What the task asks -> Only the lines below from the one that holds "The Horatio fabric" through the one that holds "Der Wohnbereich lädt" should appear in the answer, copied exactly, end lines included and pictures omitted.

Supplied data ->
◇ ◇ ◇ ◇

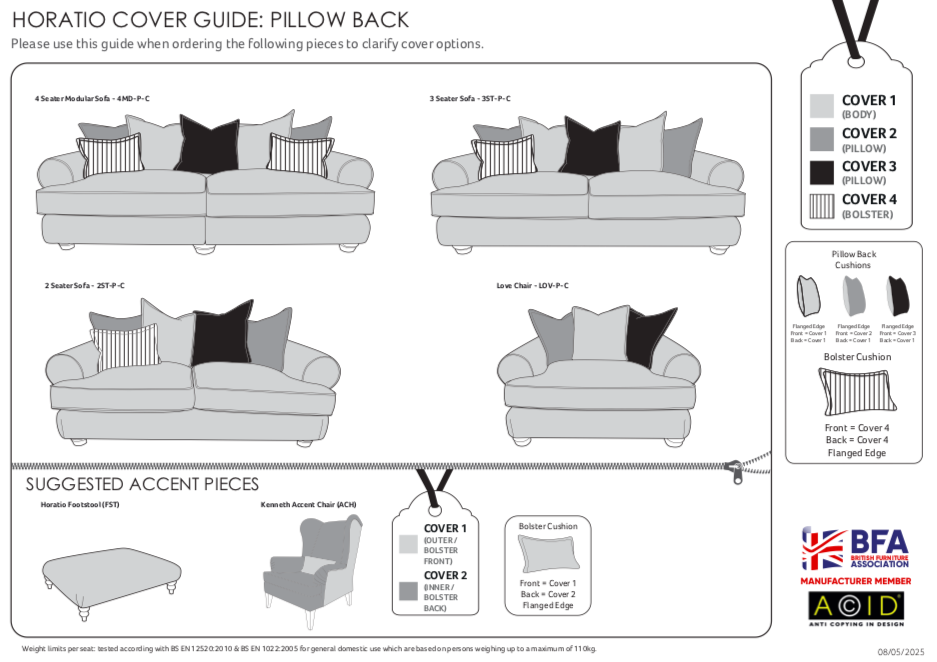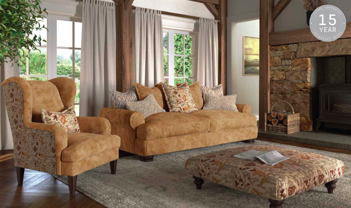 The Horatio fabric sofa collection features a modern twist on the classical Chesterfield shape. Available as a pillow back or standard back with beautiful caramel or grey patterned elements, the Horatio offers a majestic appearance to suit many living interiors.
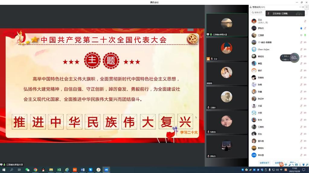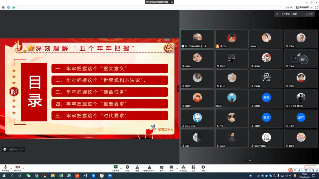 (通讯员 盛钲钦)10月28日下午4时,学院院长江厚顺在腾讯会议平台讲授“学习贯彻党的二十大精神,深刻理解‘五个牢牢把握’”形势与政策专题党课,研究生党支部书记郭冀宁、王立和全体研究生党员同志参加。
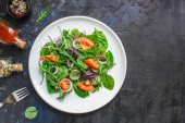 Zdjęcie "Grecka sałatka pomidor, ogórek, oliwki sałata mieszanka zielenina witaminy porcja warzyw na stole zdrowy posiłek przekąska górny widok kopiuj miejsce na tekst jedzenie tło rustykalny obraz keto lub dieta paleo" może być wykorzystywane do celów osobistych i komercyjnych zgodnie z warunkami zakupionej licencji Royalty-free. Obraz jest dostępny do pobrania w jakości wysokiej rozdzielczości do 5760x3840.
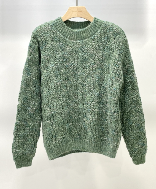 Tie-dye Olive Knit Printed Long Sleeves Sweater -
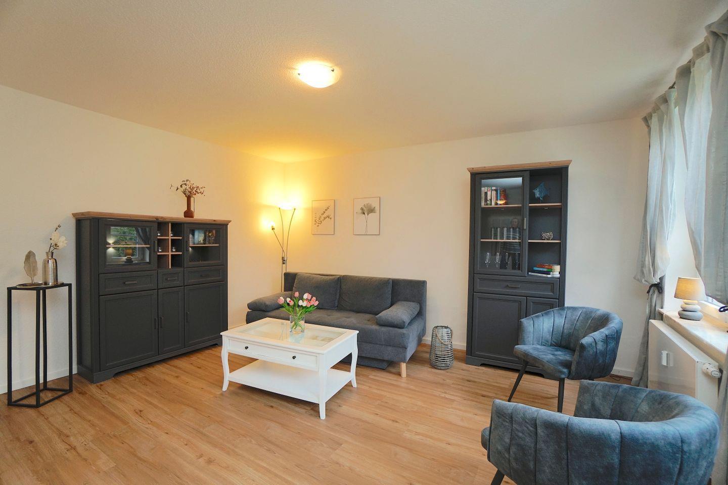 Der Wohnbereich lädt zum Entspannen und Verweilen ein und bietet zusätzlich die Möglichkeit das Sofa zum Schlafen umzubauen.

◇ ◇ ◇ ◇

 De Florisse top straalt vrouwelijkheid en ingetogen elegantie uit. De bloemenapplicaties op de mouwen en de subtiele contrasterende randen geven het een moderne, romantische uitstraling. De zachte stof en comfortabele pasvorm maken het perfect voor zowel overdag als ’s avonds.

◇ ◇ ◇ ◇

Result of this exercise ->
 The Horatio fabric sofa collection features a modern twist on the classical Chesterfield shape. Available as a pillow back or standard back with beautiful caramel or grey patterned elements, the Horatio offers a majestic appearance to suit many living interiors.
 (通讯员 盛钲钦)10月28日下午4时,学院院长江厚顺在腾讯会议平台讲授“学习贯彻党的二十大精神,深刻理解‘五个牢牢把握’”形势与政策专题党课,研究生党支部书记郭冀宁、王立和全体研究生党员同志参加。
 Zdjęcie "Grecka sałatka pomidor, ogórek, oliwki sałata mieszanka zielenina witaminy porcja warzyw na stole zdrowy posiłek przekąska górny widok kopiuj miejsce na tekst jedzenie tło rustykalny obraz keto lub dieta paleo" może być wykorzystywane do celów osobistych i komercyjnych zgodnie z warunkami zakupionej licencji Royalty-free. Obraz jest dostępny do pobrania w jakości wysokiej rozdzielczości do 5760x3840.
 Tie-dye Olive Knit Printed Long Sleeves Sweater -
 Der Wohnbereich lädt zum Entspannen und Verweilen ein und bietet zusätzlich die Möglichkeit das Sofa zum Schlafen umzubauen.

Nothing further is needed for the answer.